Virginia_City_Nevada_USA

The historic town of Virginia City is one of our favorites to visit, and has something for practically everyone. Why not take a short trip to what was one of the most affluent cities in Nevada more than 100 years ago?

 

Here are 5 reasons why we can’t stop going on about Virginia City.

 

1. Victorian Era Architecture

Whether you chose to go on a guided tour, or just explore the town for yourself, visitors cannot help but stare in awe at the buildings that cover the hillside.

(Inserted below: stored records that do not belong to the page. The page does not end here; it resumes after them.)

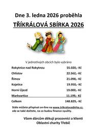 V sobotu 3. 1. 2026 se v naší obci uskutečnila TŘÍKRÁLOVÁ SBÍRKA. V Rokytnici se vybralo 55.020,- Kč. Dohromady s okolními obcemi vybraná částka činí 148.829,- Kč. Všem zúčastněným děkujeme.
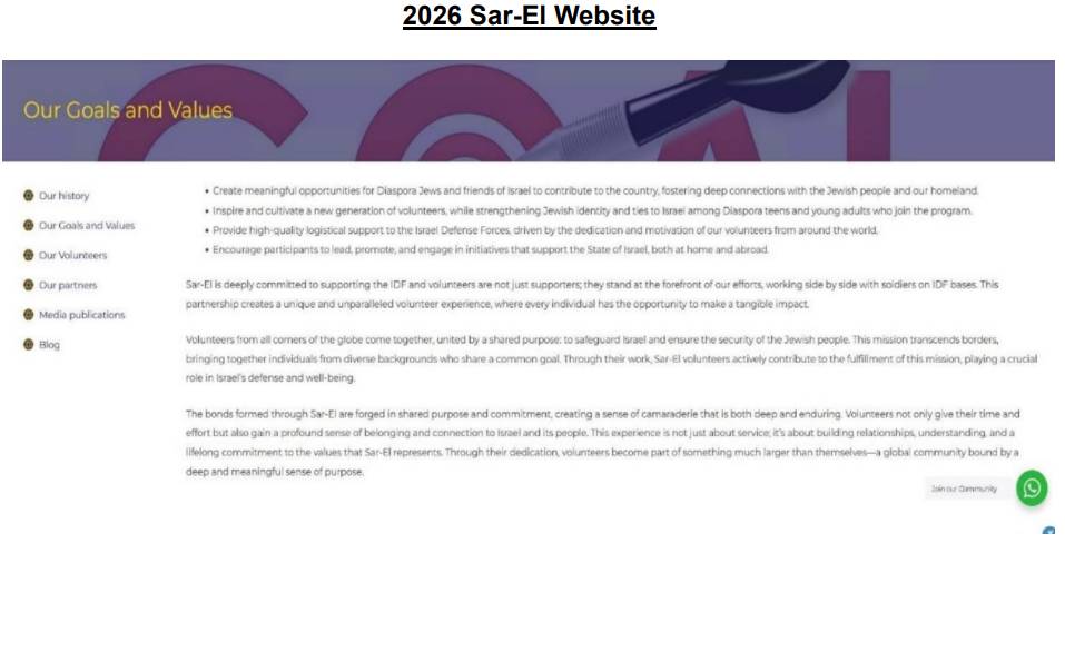 However, the ministries noted that Sar-El's current website states that Sar-El is "deeply committed to supporting the IDF", and its volunteers "work side-by-side with soldiers on IDF bases", with their "volunteer service contribut[ing] directly to the security of Israel".
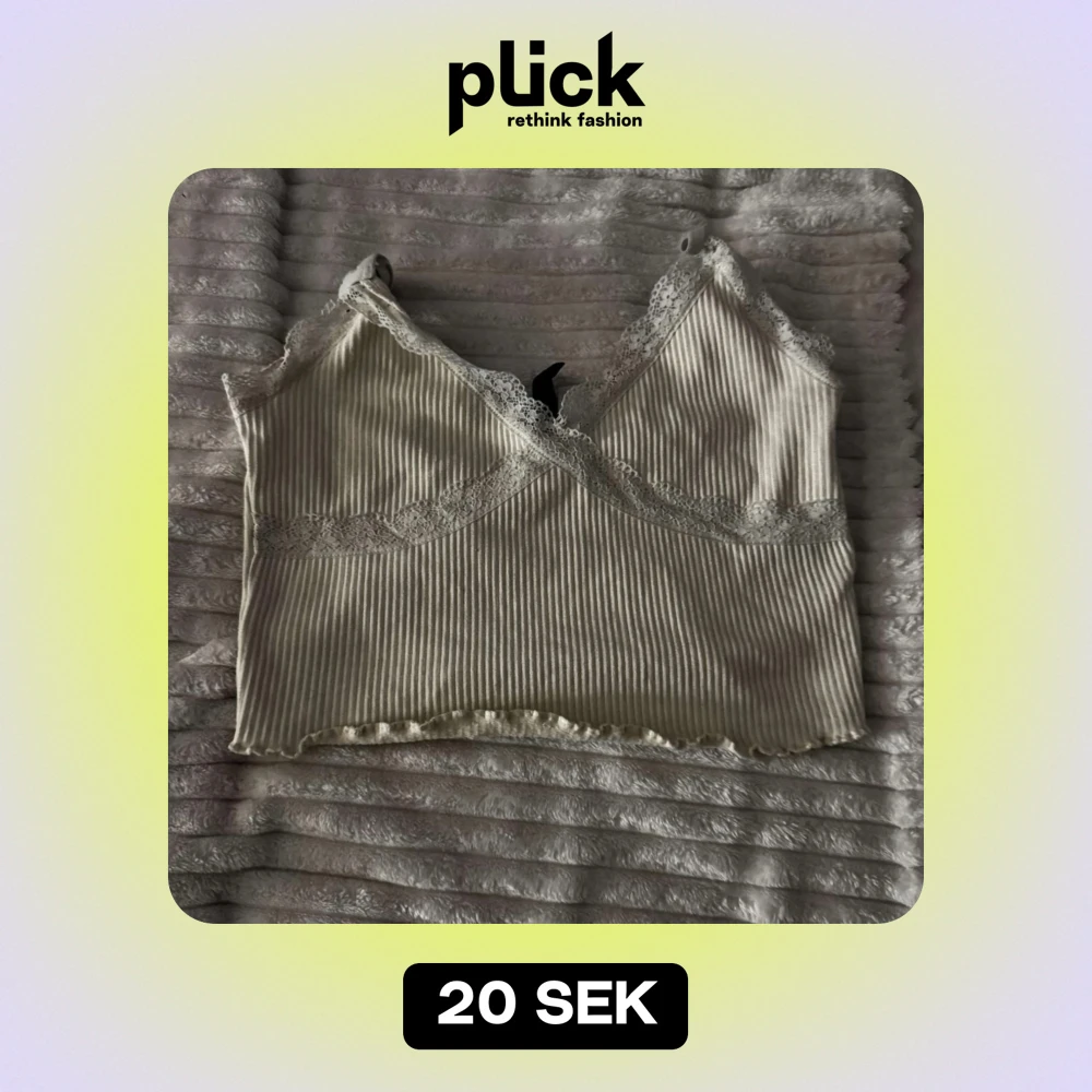 Säljer en söt beige ribbad linne med spetsdetaljer vid halsringningen och axelbanden. Toppen är croppad och har en omlott-design framtill. Perfekt för varma dagar eller som ett lager under en tröja. ⚠️ ni betalar för frakt
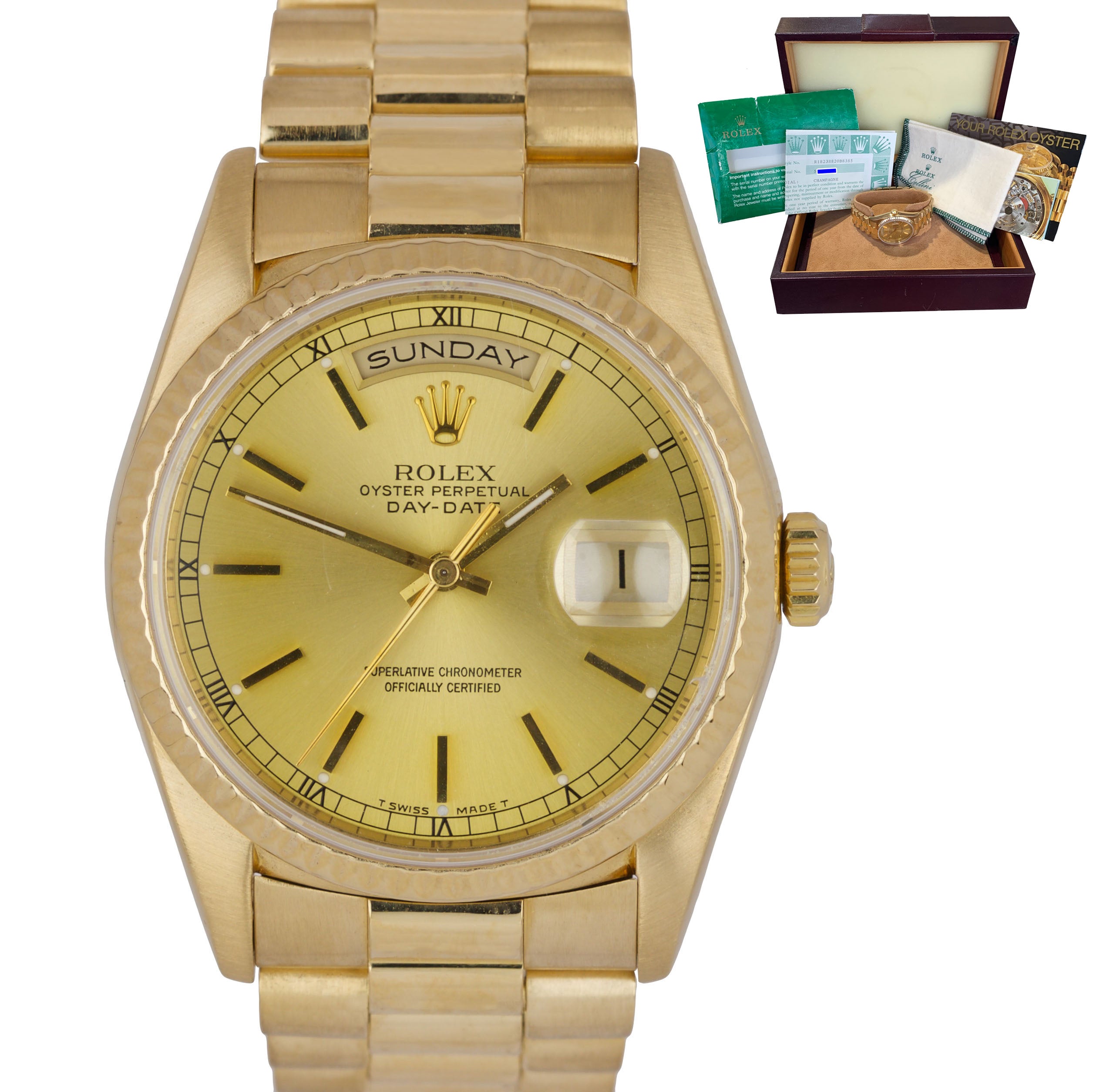 1993 Rolex Day-Date President 36mm Double Quickset 18K Yellow Gold Watch 18238
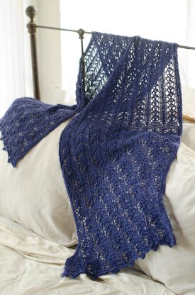 I wanted to design a shawl that incorporated traditional lace pat¬terns, reminiscent of peacock feathers, into a simple rectangular shawl. This is a good first lace piece for a confident knitter, but still has enough going on to maintain your interest if you’ve more experience. The shawl is very easy to resize; since all the repeats across the different stitch patterns are the same width, simply work more (or fewer) panels. Of course length is also easily changed by working more or fewer repeats of each stitch pattern. Worked in luxurious Blue Sky Alpacas Alpaca Silk, the Peacock Shawl would make a treasured gift – if you can bear to remove it from your own shoulders! Skills: Simple lace, grafting, reading charts
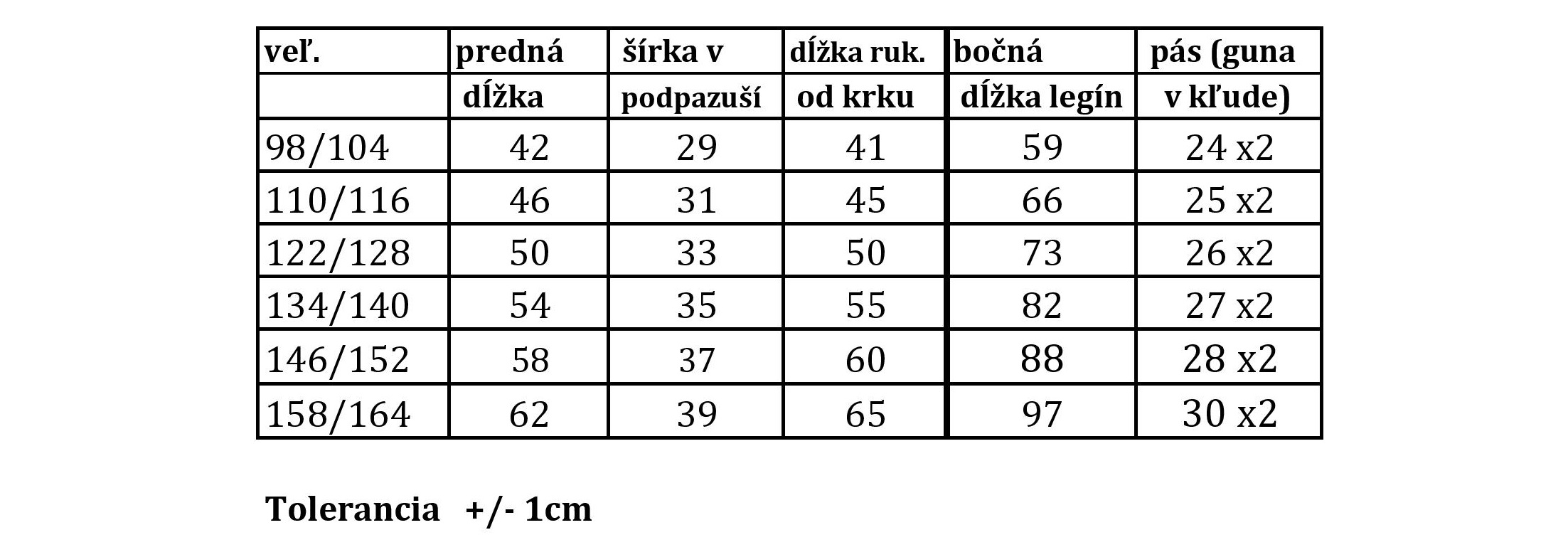 VEĽKOSTNÁ TABUĽKA:
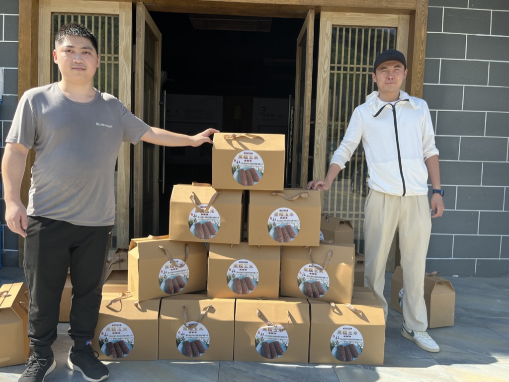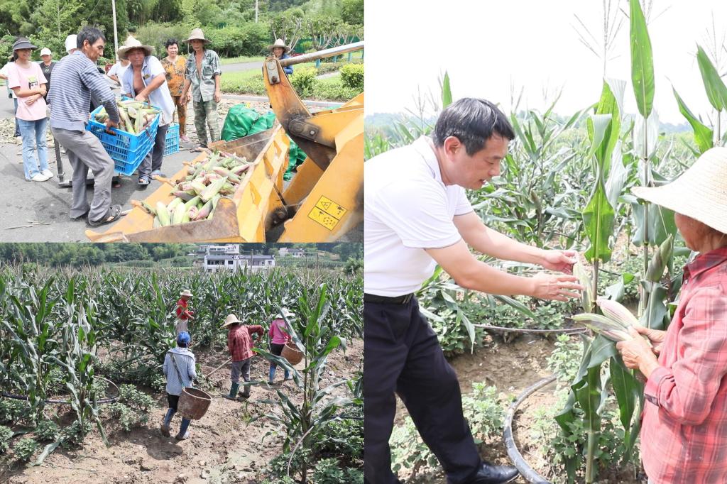 在溪头镇桃源村的菊花地上,菊花长势良好,安徽科技学院歙县贡菊科技小院驻站研究生公维勇、方俊超和村民正顶着烈日抢收玉米。采收的过程中,大家脸上洋溢着丰收的喜悦,一筐筐玉米被采摘下来称重、分销。
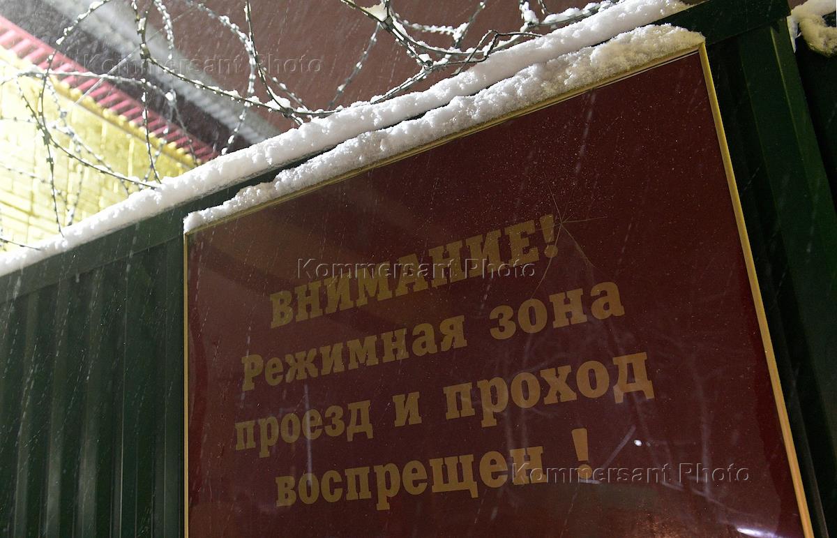 ГБУ Многофункциональный миграционный центр (спецприемник для мигрантов) в деревне Сахарово в Троицком административном округе. Жанровая фотография. Табличка на заборе центра: "Внимание! Режимная зона. Проезд и проход воспрещен!"
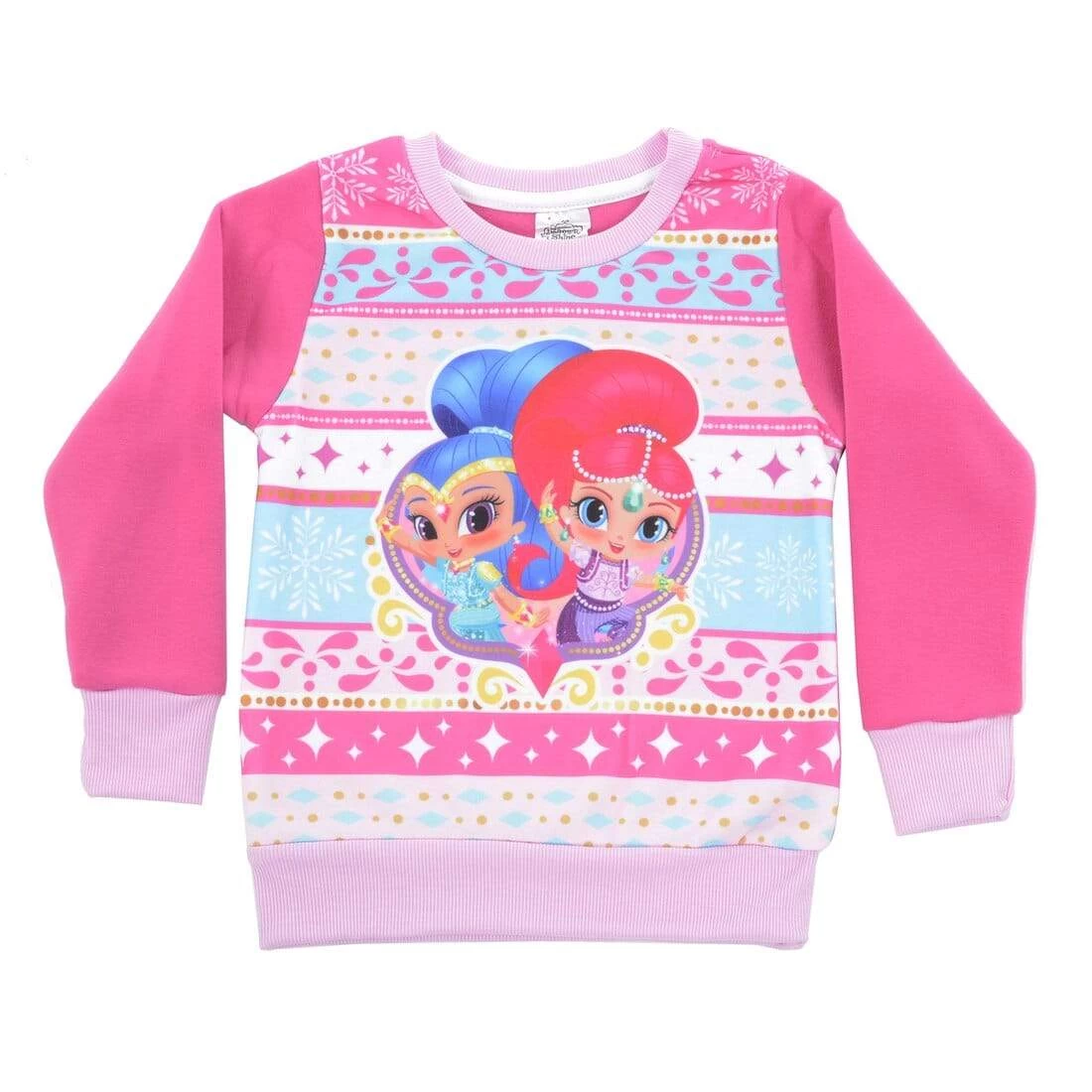 Your little princess is sure to be excited to wear this Shimmer & Shine Christmas jumper over the festive season and beyond! The light and dark pink crew neck sweater features the 2 Shimmer & Shine genies in a colour print on the front, and a pretty striped pattern. With crew neck and elastic hem and cuffs for a comfortable fit. Available in sizes 2-3 years and 4-5 years. See size chart for details

A schoolhouse with arching windows, a decadent church, vintage saloons and a breathtaking opera house are just a few of the many wonderful attractions.

2. Food

Oh yes, if you are in the mood for something sweet or savory, the restaurants in Virginia City aim to please. Many of them are located in historical buildings that have been refurbished over the years. Many of these restaurants bring to life the delicious side of vintage life with homemade root beers and candies.

3. Old West Saloons

Saloons offer the perfect time to sit down and relax with a drink while you experience old western history. Attractions such as the world famous Suicide Table enthrall visitors with stories of ghosts and robbers.

4. Events

No matter what time of the year, something wild is always going on in Virginia City. One of our favorites is Christmas on the Comstock. The entire town lights up this time of the year. Father Christmas awaits families at the Visitors Center, and daily events occur at the beautiful Piper’s Opera House. Later on in the year, visitors enjoy the International Camel Races, and the Nevada 150 Masquerade Ball.

5. Museums

There is a museum in nearly every other building on C. Street. Mark Twain spent much of his time in Virginia City, the influence of his experience, seen in many of his writings. Tidbits of his history can be seen in many of the museums around town. The Fourth Ward School is a favorite of many. Built in 1876, the school is almost perfectly preserved on account of a sharp attendance drop off in the early 1900’s.